00:22:00<SketchCow>I have even more than you
00:33:00<Nemo_bis>6 hours? Peanatus. My book took one month. :p
00:42:00<godane>i'm uploading amigahistory.co.uk
00:43:00<godane>not many crawls in wayback machine
00:53:00<godane>i'm grabing arstechica.com index
00:55:00<godane>uploaded: http://archive.org/details/amigahistory.co.uk-20121126-mirror
02:15:00<dashcloud>so is there an easy way to ask an FTP site how big it is?
02:15:00<SketchCow>no
02:22:00<godane>does any one know how to cat a file and just echo what ends with / at the end of the line?

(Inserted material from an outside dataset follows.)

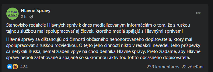 - Redakcia Hlavných správ sa od medializovaných informácií dištancuje. Tvrdia, že šlo o občasného prispievateľa, ktorý nedostával plat
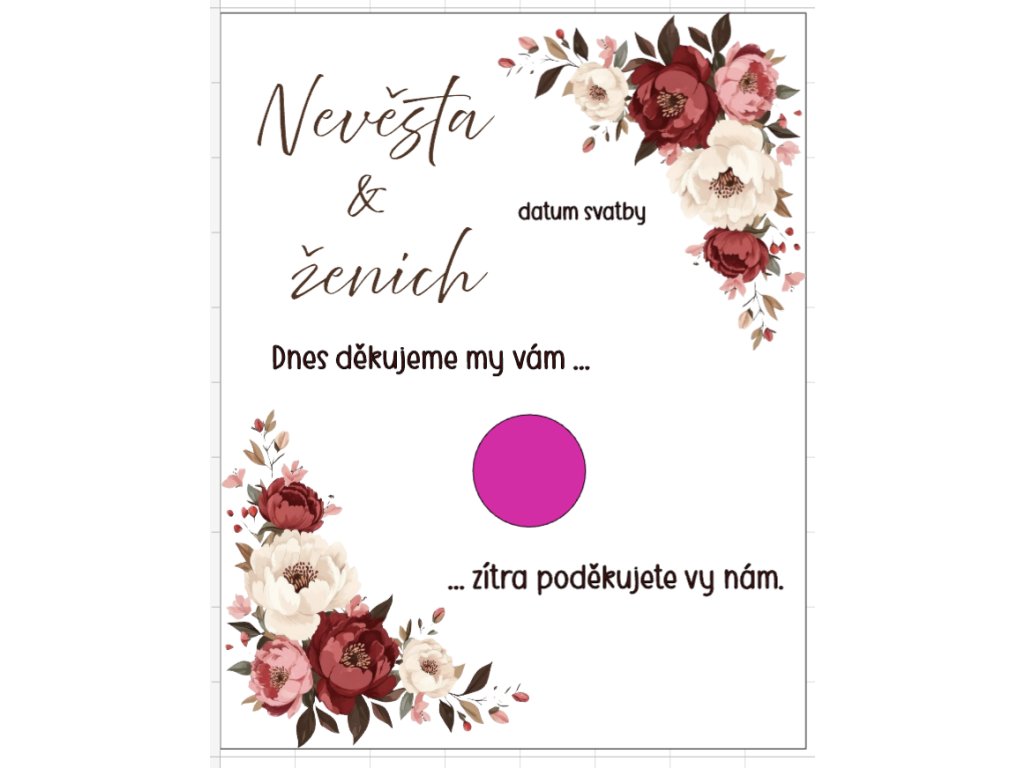 Do poznámky nám napište jméno nevěsty a ženicha a datum vaší svatby!!!

02:23:00<godane>my arstechnica.com index.txt file has a lot of bad urls
02:24:00<godane>these urls are going be redirect other urls in the list anyway
02:42:00<chronomex>godane: try grep '/$' whatever.txt
02:43:00<chronomex>$ means "here must be end-of-line"
02:43:00<chronomex>^ is the same but for beginning-of-line
02:43:00<dashcloud>hi, wget isn't able to connect to this ftp site: ftp://ftp.gamers.org/ - any ideas why? it tries logging in as anonymous, says Error in server greeting, and then repeats the process
02:57:00<SketchCow>Might need to hide who you are
03:03:00<godane>chronomex: that only grabs the last line
03:09:00<dashcloud>ah- I got it- apparently I wasn't timed out from my last login using a non-wget client
03:14:00<dashcloud>making some progress on the list here: http://pastebin.com/NA610GXe (lot of dead sites though)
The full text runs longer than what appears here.